So, given a homogenous ODE system in R3 satisfying

y'=Ay (where y'=dy/dt and y are vectors in 3 dimensions, and A is a constant 3x3 matrix)

•y(0)=(2,1,1)
•A=
-1,0,0
0,1,0
-1,-1,1

So, i do the following:

1) Since is is a homogenous equation with constant coefficients, the fundamental matrix (the way i call the Wronksian) will he the exponent of the matrix A times t. A is not diagonal or nilpotent, and cannot be decomposed into 2 commutative matrices, 1 diagonal and one nilpotent. Therefore we shall have to see if we can make it diagonal.

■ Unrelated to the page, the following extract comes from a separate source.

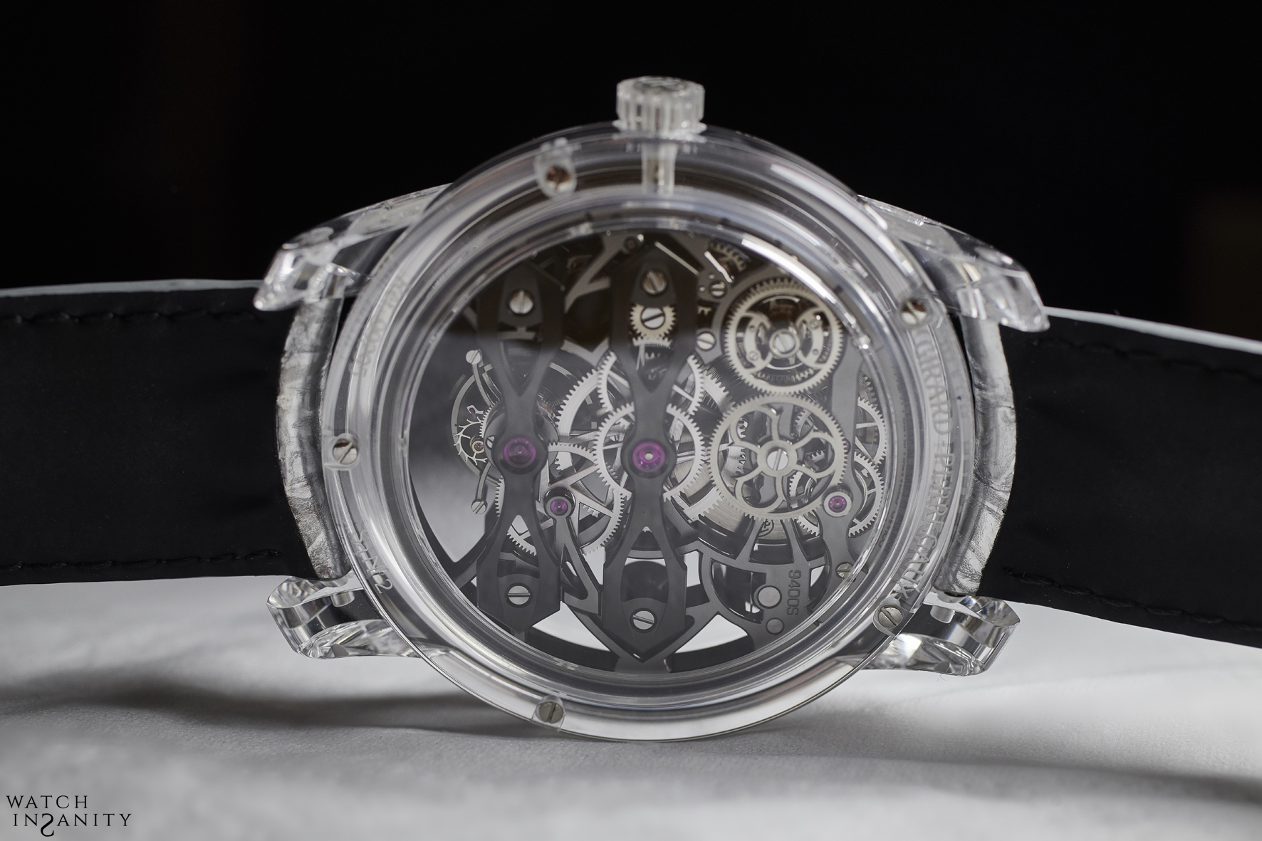 Già con il Laureato Con Tre Ponti Zaffiro del 2007, il cristallo di corindone aveva trovato posto all’interno della struttura stessa di un calibro d’Alta Orologeria.

2) Find eigenvalues and eigenvectors of A. I calculate the eigenvalues to be E1=-1 (miltiplicity 1) and E2=1 (multiplicity 2), giving associated eigenvectors V1(2,0,1)(associated to E1) and V2(0,0,1) (associated to E2). The dimension of the subspace created by the eigenvectors of E2 do not match the multiplicity of the eigenvalue and therefore i conclude that this matrix is "non diagonalizable".

Here is where my issue is. Now, from the theory that I have studied i understand that, in this particular case, a base of the solution to the homogenous equation can be written thusly20200620_174932.jpgI amhaving trouble understanding the solution. Can i take these vectors, u v and w, to be any vectors which pertain to the nucleus of their respective applications? What doesit mean to subtract one "ker" of an application from another?

The solutions for each of those vectors are
u=(2,0,1)
v=(0,1,1)-(2-0-1)=(-2,1,0)
w=(4,0,1)

I notice here that u is just the eigenvector associated to E1 (obviously that by definition will pertain to the nucleus of the application (A-E1•IdentityMatrix). So, to obtain the second vector, v, am i good to just always subtract a vector pertaining to the first base? This is where I am confused.

Thank you for taking the time to read this, any help would be greatly appreciated!
 
I am so unsophisticated I prefer to deal with systems of equations rather than matrix equations!

The matrix equation \(\displaystyle y'= \begin{pmatrix}-1 & 0 & 0 \\ 0 & 1 & 0 \\ -1 & -1 & 1\end{pmatrix}y\) can be written as the system of equations (letting \(\displaystyle y= \begin{pmatrix}u \\ v \\ w \end{pmatrix}\))
u'= -u
v'= v
w'= u+ v+ w.

The first two equations are very easy. The first has "characteristic equation" r= -1 so general solution \(\displaystyle u= Ae^{-t}\). The second has "characteristic equation" r= 1 so general solution \(\displaystyle v= Be^t\). The third equation, then, is \(\displaystyle w'= Ae^{-t}+ Be^t+ w\). Its "associated homogeneous equation is \(\displaystyle w'= w\) which, like u, has general solution \(\displaystyle w= Ce^t\).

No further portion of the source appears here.